N’accablez point, Tullie, une âme au désespoir ;
Si ma douleur n’a rien qui vous puisse émouvoir
Écoutez-moi du moins en ce moment funeste :
De ce père si cher, le seul bien qui vous reste,
L’implacable Fulvie a juré le trépas,
Vous la verrez bientôt l’arracher de vos bras,
Et couvrir de son sang cette auguste retraite
Qui n’est pour Cicéron ni sûre ni secrète ;
Octave a découvert qu’il était en ces lieux,
Rien n’échappe aux regards de cet ambitieux ;
Dangereux et prudent, plus adroit que sincère,
Il ne s’attachera qu’à tromper votre père ;
Mécène est avec lui.

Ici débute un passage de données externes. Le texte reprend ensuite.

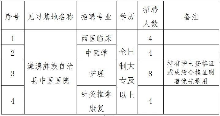 漾濞縣中醫(yī)醫(yī)院招聘見習崗位20人 大專即可報名
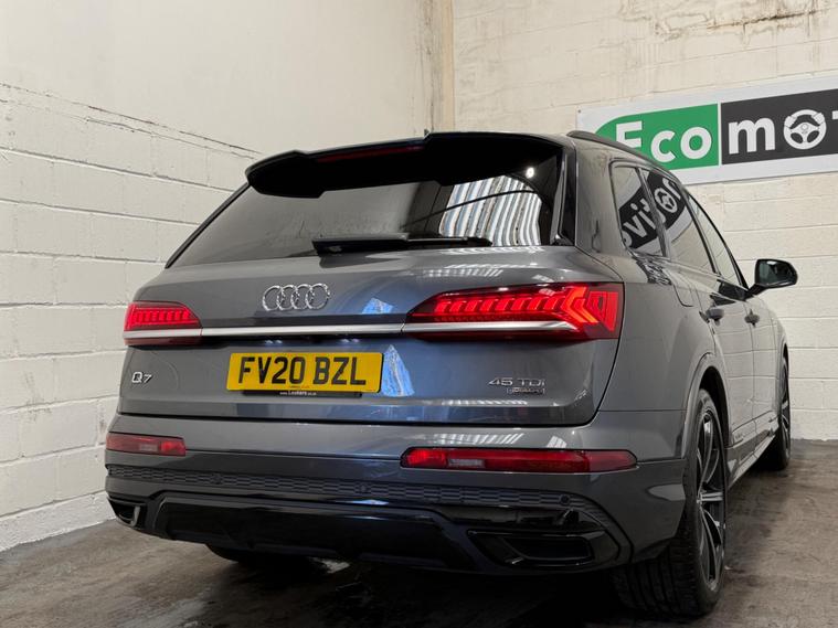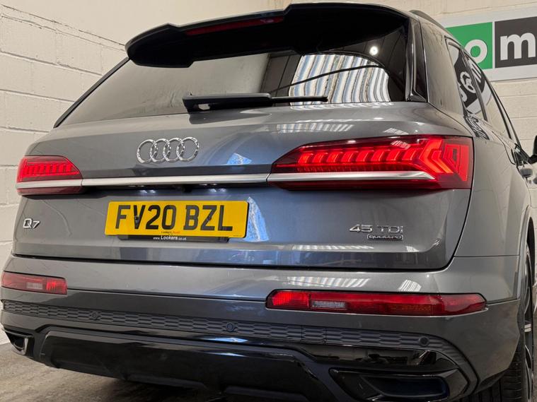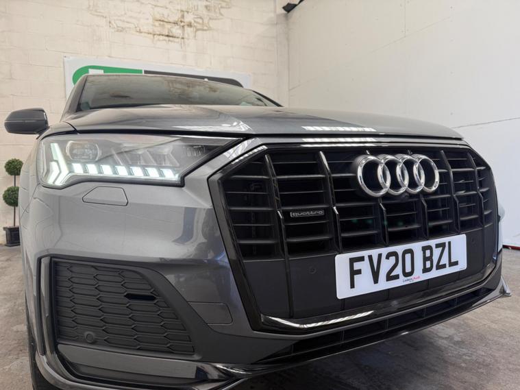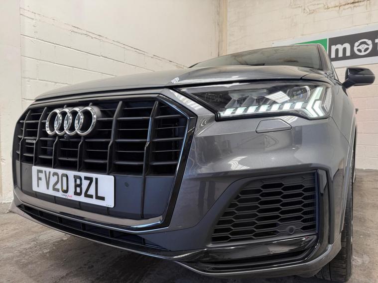This 2020 Audi Q7 TDI V6 Black Edition offers exceptional value with only one owner and remarkably low mileage for its age, having covered just 56, 387 miles. As a Euro 6 compliant model, it features a powerful 3.0L Diesel engine paired with Audi's renowned Four Wheel Drive system, ensuring confident performance in all conditions. This Black Edition variant boasts a spacious interior with seven seats, making it ideal for families or those needing extra capacity. Notable features include the Tour Pack with Adaptive Cruise Control for effortless long journeys, and the City Assist Pack which incorporates Blind Spot Assistance for enhanced safety. The striking Audi Matrix LED Headlights with dynamic indicators provide excellent visibility, while heated front seats and deluxe four-zone automatic climate control ensure comfort for all occupants.The Audi Q7 TDI V6 Black Edition stands out with its impressive acceleration, reaching 0-62mph in just 7.3 seconds, demonstrating its dynamic capability. Its substantial towing weight of 3500 kg makes it a versatile choice for those who need to tow. Furthermore, the large boot space offers practicality for luggage or shopping, and its placement in a low insurance group highlights its cost effectiveness. These aspects collectively indicate that this Q7 offers a superior ownership experience compared to many other vehicles in its class..
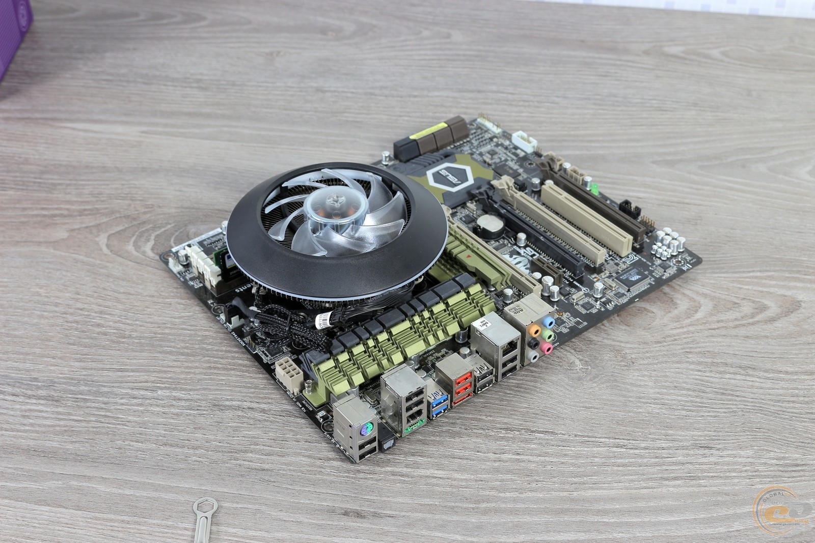 Благодаря чашеобразной форме охладитель не конфликтует с охлаждением VRM на материнской плате, хотя и нависает над ним, и не препятствует монтажу модулей памяти стандартной высоты (до 34,5 мм), но версии с высокими радиаторами в первые два DIMM-слота могут не поместиться.

Ce sage courtisan
Peu digne du malheur de servir un tyran
Vient flatter Cicéron d’une faveur ouverte,
Sans savoir que peut-être, il travaille à sa perte.
Octave vous adore, et prétend à son tour
Que votre père et vous couronniez son amour.
Et moi qui vous aimais plus qu’on n’aime la vie,
Je vous perds avec elle, adorable Tullie ;
Votre hymen mettra fin à leur division,
Et c’est mon sang qui va sceller leur union.
Votre sang ? Ah ! croyez qu’il n’est point de puissance
Que je n’ose braver ici pour sa défense ;
Eh, quel sang fut jamais si précieux pour nous ?
Est-il quelque Romain qui le soit plus que vous ?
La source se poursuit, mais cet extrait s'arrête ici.